Repeat each record below exactly, dropping the pictures.

(Beginning of MATERIALS PROVIDED)

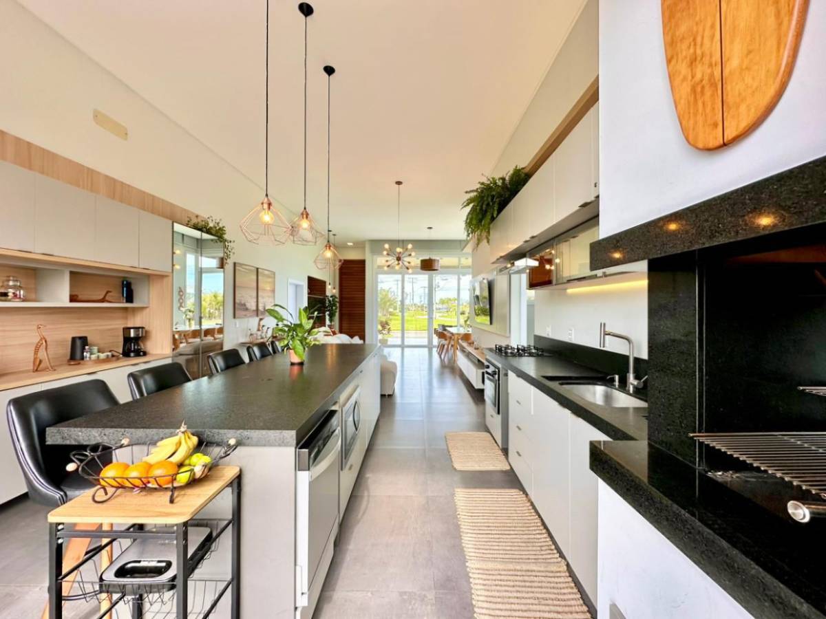 Casa à venda no Dubai com 184 m², totalmente mobiliada e decorada, oferecendo 3 suítes, sendo uma master, lavabo e ambientes integrados. Conta com área verde na frente, lateral e fundos, proporcionando contato com a natureza, além de vista para o lago e abrigo para carro, unindo conforto, elegância e qualidade de vida.
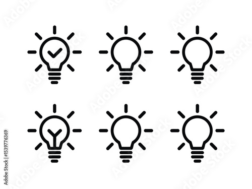 Six Black Lightbulb Icons Ideas Symbols Set vector
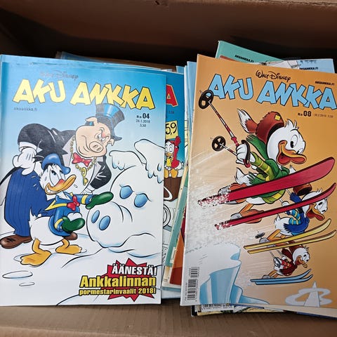 Pahvilaatikollinen erilaisia AkuAnkka-kirjoja. Hyväkuntoisia.
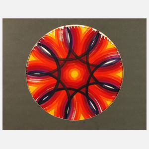 geometrische Anordnung verschiedener warmer Farbtöne, Deckfarben, unsigniert, Erhaltungsmängel, im Passepartout montiert, Passepartoutausschnitt Durchmesser ca. 34,5cm. Künstlerinfo: dt.-jüdische Malerin und Graphikerin (1897 Leipzig bis 1980 Kitzbühel), Kindheit in Leipzig, studierte 1914-17 an der Akademie Leipzig bei Hugo Steiner-Prag und Tanzunterricht nach der Methode von Emile Jaques-Dalcroze, ab 1918 Privatschülerin von Otto Richard Bossert, ab 1919 Ballettunterricht an der Oper Leipzig und Gestaltung von Bühnenbildern, ab 1920 Studium an der Akademie Dresden bei Otto Hettner und hier 1921-23 Schülerin von Oskar Kokoschka, 1923 Studienreise in die USA, 1926-27 Studium an der Académie Colarossi in Paris, Studienaufenthalte in Südfrankreich, 1928 Aufenthalt in Rom, Florenz und auf Capri, ab 1932 in München ansässig, 1933 Übersiedlung von Leipzig nach Kitzbühel, 1939-50 Emigration nach England, 1950 Rückkehr nach Kitzbühel, 1954 erste Teilnahme und ab 1955 Lehrerin an der Internationalen Sommerakademie Salzburg, 1956-72 regelmäßige Aufenthalte in Venedig, 1968 Reise nach Israel, 1974 Ehrung mit dem Professorentitel, Quelle: Vollmer, Dressler, Wikipedia und Internet.
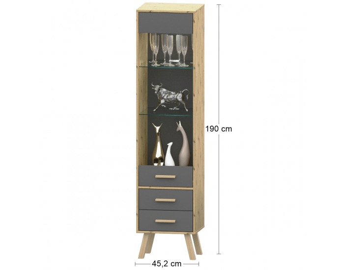 Jednodverová vitrína VILANDER 1D2DR je veľmi pekný moderný kus nábytku, ktorý vyzdvihne krásu všetkých Vašich obľúbených dekoratívnych predmetov. Navyše disponuje s dvoma menšími zásuvkami, v ktorých sa nájde dostatok miesta na všetky dôležité dokumenty, ktoré potrebujete mať starostlivo uložené a v prípade potreby poruke. Rozmery vitríny sú (ŠxHxV): 45,2x40x190 cm. Nechajte sa zlákať príjemným pocitom teplého domova v modernom a vzdušnom štýle. Kolekcia Vilander sa postará o zážitok pri každej návšteve priestoru, ktorý obdaríte jej prítomnosťou. Využiteľnosť kompaktnosti a funkčnosti sa stretáva s ďalšími pozitívnymi vlastnosťami, ktorými nádherná kolekcia nábytku oplýva. Mimoriadne moderný minimalistický vzhľad v podobe prevedenia korpusu nábytku vo farbe dub artisan, je doplnený elegantnými dvierkami vo farbe sivý grafit. Úplnú jednoduchosť nábytku však vkusne rozbíjajú decentné úchytky a nožičky, ktoré v celku dodávajú šmrnc kolekcii Vilander. Nábytok je vyrobený z kvalitnej DTD a doplnený systémom vysoko kvalitných upevňovacích závesov s ľahko použiteľnými teleskopickými lištami na zásuvky. Z jednotlivých dokonalých prvkov kolekcie Vilander si efektívne zariadite priestrannú oddychovú zónu, ale aj malú útulnú izbičku, kde uľavíte každej romantickej duši.
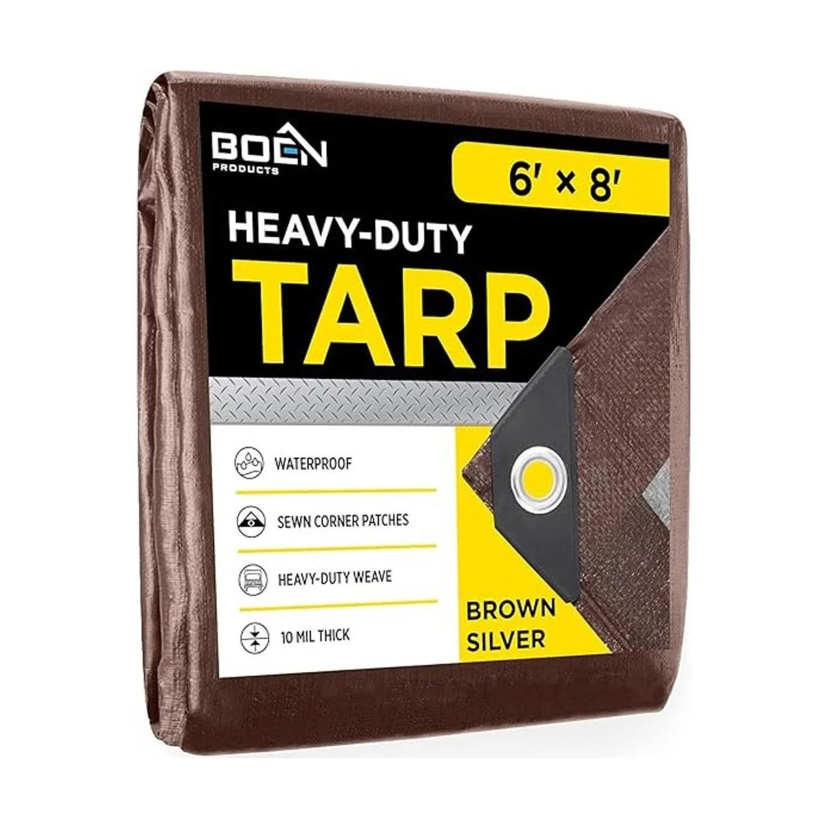 Funda de lona resistente de 10 mil de grosor multiusos, impermeable, lona ideal para toldos, barcos, casas rodantes o cubierta de piscina, sombra y más 6 x 8 pies, marrónplateado

(End of MATERIALS PROVIDED)

## WRITTEN SOLUTION
 Casa à venda no Dubai com 184 m², totalmente mobiliada e decorada, oferecendo 3 suítes, sendo uma master, lavabo e ambientes integrados. Conta com área verde na frente, lateral e fundos, proporcionando contato com a natureza, além de vista para o lago e abrigo para carro, unindo conforto, elegância e qualidade de vida.
 Six Black Lightbulb Icons Ideas Symbols Set vector
 Pahvilaatikollinen erilaisia AkuAnkka-kirjoja. Hyväkuntoisia.
 geometrische Anordnung verschiedener warmer Farbtöne, Deckfarben, unsigniert, Erhaltungsmängel, im Passepartout montiert, Passepartoutausschnitt Durchmesser ca. 34,5cm. Künstlerinfo: dt.-jüdische Malerin und Graphikerin (1897 Leipzig bis 1980 Kitzbühel), Kindheit in Leipzig, studierte 1914-17 an der Akademie Leipzig bei Hugo Steiner-Prag und Tanzunterricht nach der Methode von Emile Jaques-Dalcroze, ab 1918 Privatschülerin von Otto Richard Bossert, ab 1919 Ballettunterricht an der Oper Leipzig und Gestaltung von Bühnenbildern, ab 1920 Studium an der Akademie Dresden bei Otto Hettner und hier 1921-23 Schülerin von Oskar Kokoschka, 1923 Studienreise in die USA, 1926-27 Studium an der Académie Colarossi in Paris, Studienaufenthalte in Südfrankreich, 1928 Aufenthalt in Rom, Florenz und auf Capri, ab 1932 in München ansässig, 1933 Übersiedlung von Leipzig nach Kitzbühel, 1939-50 Emigration nach England, 1950 Rückkehr nach Kitzbühel, 1954 erste Teilnahme und ab 1955 Lehrerin an der Internationalen Sommerakademie Salzburg, 1956-72 regelmäßige Aufenthalte in Venedig, 1968 Reise nach Israel, 1974 Ehrung mit dem Professorentitel, Quelle: Vollmer, Dressler, Wikipedia und Internet.
 Jednodverová vitrína VILANDER 1D2DR je veľmi pekný moderný kus nábytku, ktorý vyzdvihne krásu všetkých Vašich obľúbených dekoratívnych predmetov. Navyše disponuje s dvoma menšími zásuvkami, v ktorých sa nájde dostatok miesta na všetky dôležité dokumenty, ktoré potrebujete mať starostlivo uložené a v prípade potreby poruke. Rozmery vitríny sú (ŠxHxV): 45,2x40x190 cm. Nechajte sa zlákať príjemným pocitom teplého domova v modernom a vzdušnom štýle. Kolekcia Vilander sa postará o zážitok pri každej návšteve priestoru, ktorý obdaríte jej prítomnosťou. Využiteľnosť kompaktnosti a funkčnosti sa stretáva s ďalšími pozitívnymi vlastnosťami, ktorými nádherná kolekcia nábytku oplýva. Mimoriadne moderný minimalistický vzhľad v podobe prevedenia korpusu nábytku vo farbe dub artisan, je doplnený elegantnými dvierkami vo farbe sivý grafit. Úplnú jednoduchosť nábytku však vkusne rozbíjajú decentné úchytky a nožičky, ktoré v celku dodávajú šmrnc kolekcii Vilander. Nábytok je vyrobený z kvalitnej DTD a doplnený systémom vysoko kvalitných upevňovacích závesov s ľahko použiteľnými teleskopickými lištami na zásuvky. Z jednotlivých dokonalých prvkov kolekcie Vilander si efektívne zariadite priestrannú oddychovú zónu, ale aj malú útulnú izbičku, kde uľavíte každej romantickej duši.
 Funda de lona resistente de 10 mil de grosor multiusos, impermeable, lona ideal para toldos, barcos, casas rodantes o cubierta de piscina, sombra y más 6 x 8 pies, marrónplateado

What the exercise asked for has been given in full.